William Beutler on Wikipedia

Posts Tagged ‘TechCrunch’

The Agony and Ecstasy of Wikidata

Tagged as , , , , , , , , ,
on April 12, 2012 at 8:31 am

Although Wikipedia is by far the best-known of the Wikimedia collaborative projects, it is just one of many. Just this last week, Wikimedia Deutschland announced its latest contribution: Wikidata (also @Wikidata, and see this interview in the Wikipedia Signpost). Still under development, its temporary homepage announces:

Wikidata aims to create a free knowledge base about the world that can be read and edited by humans and machines alike. It will provide data in all the languages of the Wikimedia projects, and allow for the central access to data in a similar vein as Wikimedia Commons does for multimedia files. Wikidata is proposed as a new Wikimedia hosted and maintained project.

Possible Wikidata logo

One of a few Wikidata logos under consideration.

Upon its announcement, I tweeted my initial impression, that it sounded like Wikipedia’s answer to Wolfram Alpha, the commercial “answer engine” created by Stephen Wolfram in 2009. It seems to partly be that but also more, and its apparent ambition—not to mention the speculation surrounding it—is causing a stir.

Already touted by TechCrunch as “Wikipedia’s next big thing” (incorrectly identifying Wikipedia as its primary driver, I pedantically note), Wikidata will create a central database for the countless numbers, statistics and figures currently found in Wikipedia’s articles. The centralized collection of data will allow for quick updates and uniformity of statistical information across Wikipedia.

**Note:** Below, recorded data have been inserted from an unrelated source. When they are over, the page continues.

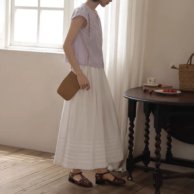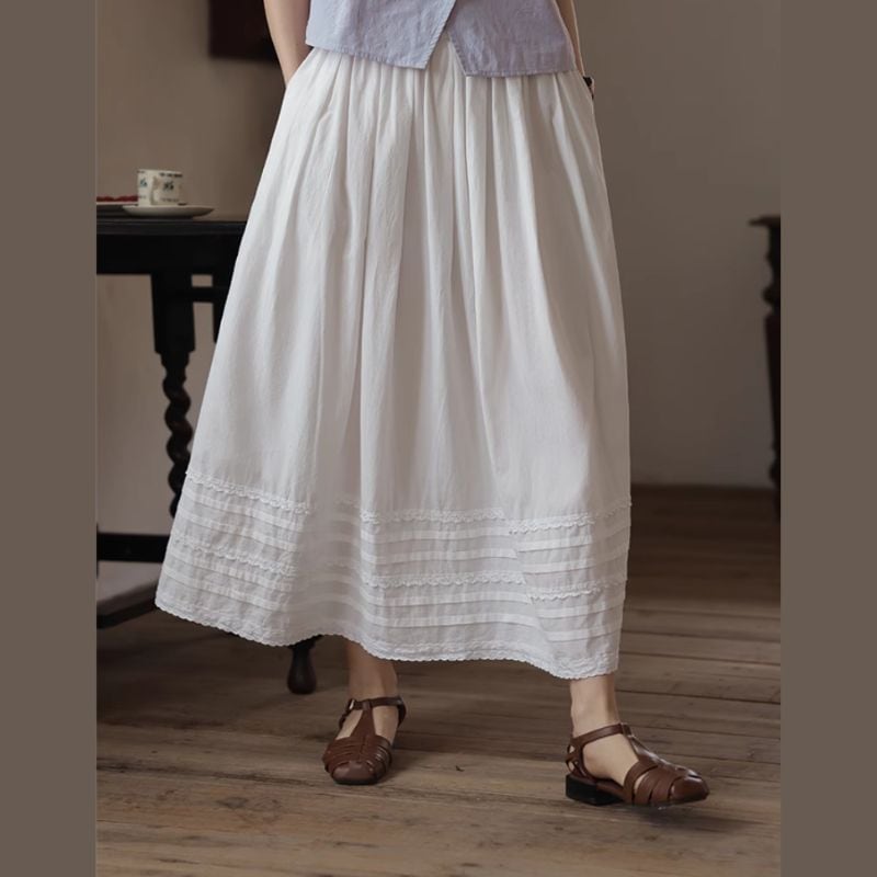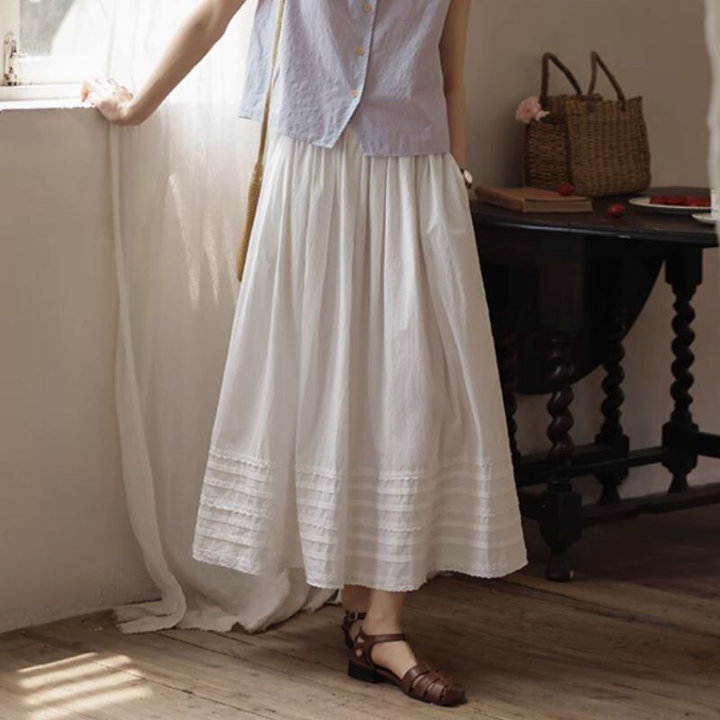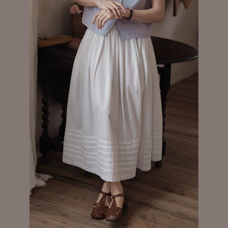 Aラインシルエットが美しいロングスカート。繊細なレースフリルがティアード状に施され、歩くたびに軽やかに揺れる姿は、女性らしさを最大限に引き立てます。
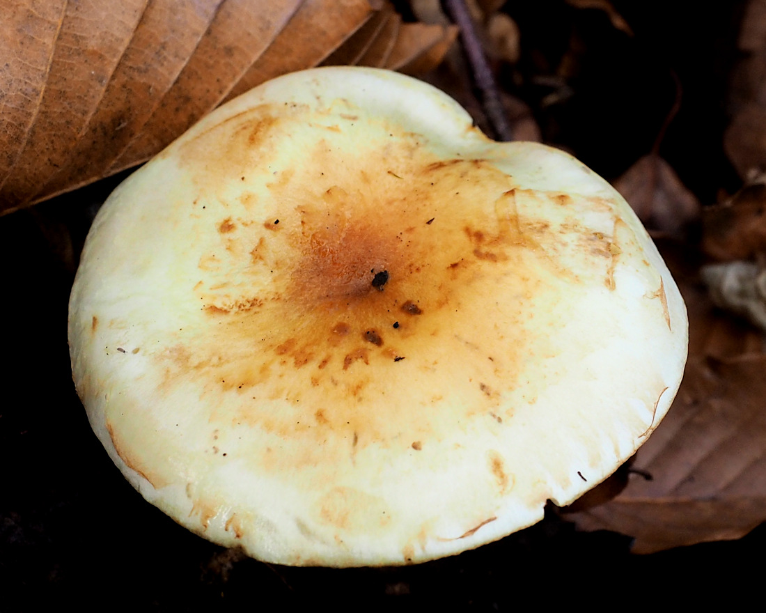 5.0-8.0cm前後 中高のまんじゅう形→やや中高の平たい丸山形 強粘性 中央は黄色 周辺に向かい淡色 中央に茶褐色細鱗を密に圧着 周辺は黄白色−淡黄褐色の綿毛状鱗片散布 縁に類白色の内皮膜の名残り付着→消失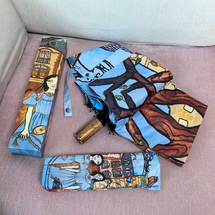 GUCCI Vintage Girl Illustration Folding Umbrella-6528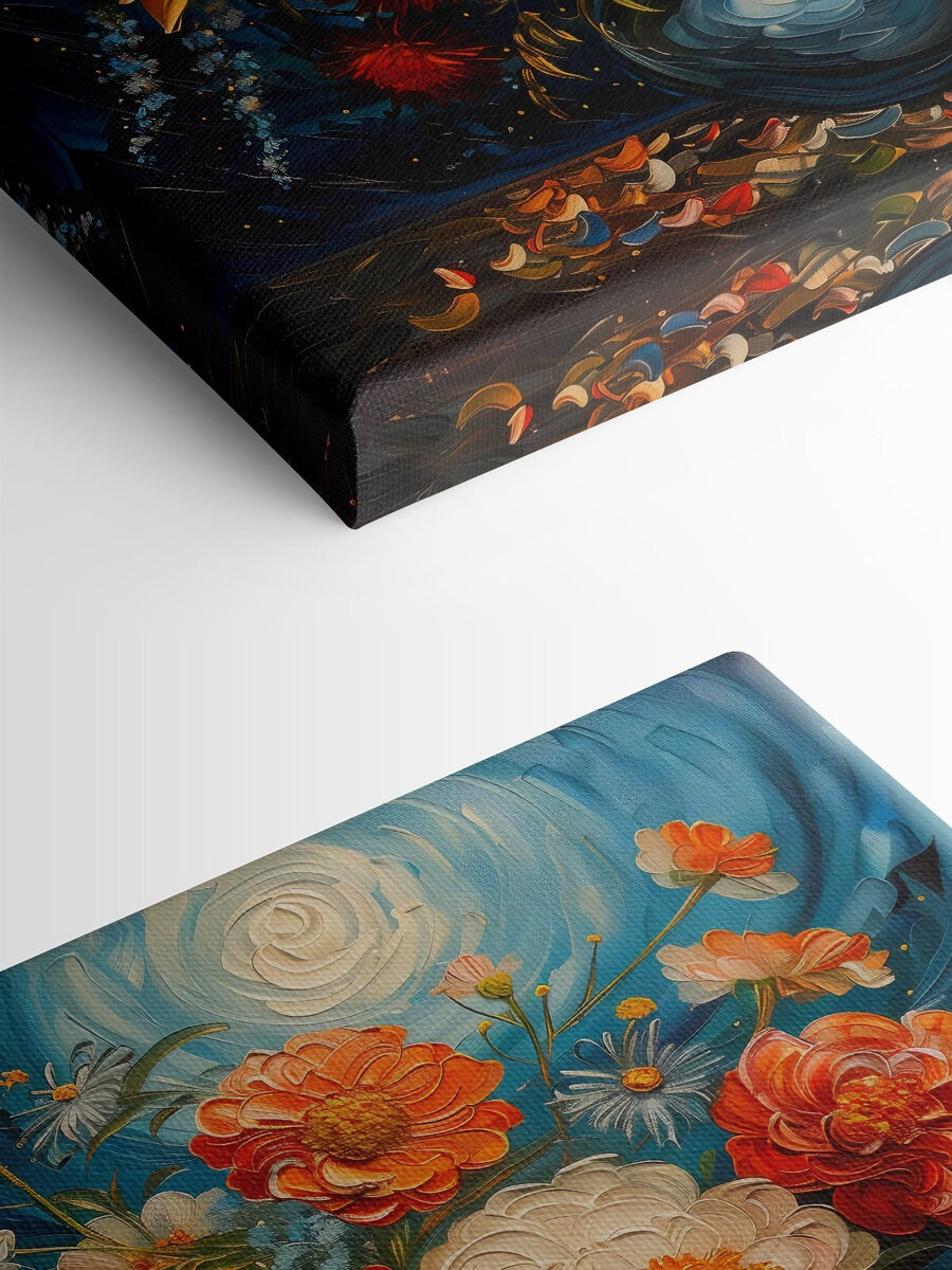 Stel je voor dat je je woonkamer binnenloopt en daar zijn ze – deze levendige bloemen in een vaas, gevangen op canvas! De kleuren knallen als een brutale knipoog op een grijze dag. Het is alsof ze verhalen fluisteren over warme zomeravonden en geheime tuinen, daar aan je muur. Perfect voor iedereen die schoonheid ziet in een beetje georganiseerde chaos. Dit stuk voelt als een warme knuffel – het vult elke ruimte met levendigheid en charme. Bloemen die nooit verwelken, een tijdloze conversatie starter. Wie wil dat nou niet?

Currently when new information replaces old, as is the case with census surveys, elections results and quarterly reports are published, Wikipedians must manually update the old data in all the articles in which it appears, across every language. Wikidata would create the possibility for a quick computer led update to replace all out of date information. Additionally, it is expected that Wikidata will allow visitors to search and access information in a less labor-intensive method. As TechCrunch suggests:

Wikidata will also enable users to ask different types of questions, like which of the world’s ten largest cities have a female mayor?, for example. Queries like this are today answered by user-created Wikipedia Lists – that is, manually created structured answers. Wikidata, on the hand, will be able to create these lists automatically.

Though this project—which is funded by the Allen Institute for Artificial Intelligence, the Gordon and Betty Moore Foundation, and Google—is expected to take about a year to develop, but the blogosphere is already buzzing.

It’s probably fair to say that the overall response has been very positive. In a long post summarizing Wikidata’s aims, Yahoo! Labs researcher Nicolas Torzec identifies himself as one who excitedly awaits the changes Wikidata promises:

By providing and integrating Wikipedia with one common source of structured data that anyone can edit and use, Wikidata should enable higher consistency and quality within Wikipedia articles, increase the availability of information in and across Wikipedias, and decrease the maintenance effort for the editors working on Wikipedia. At the same time, it will also enable new types of Wikipedia pages and applications, including dynamically-generated timelines, maps, and charts; automatically-generated lists and aggregates; semantic search; light question & answering; etc. And because all these data will be available as Open Data in a machine-readable form, they will also benefit thrid-party [sic] knowledge-based projects at large Web companies such as Google, Bing, Facebook and Yahoo!, as well as at smaller Web startups…

Asked for comment by CNet, Andrew Lih, author of The Wikipedia Revolution, called it a “logical progression” for Wikipedia, even as he worries that Wikidata will drive away Wikipedians who are less tech-savvy, as it complicates the way in which information is recorded.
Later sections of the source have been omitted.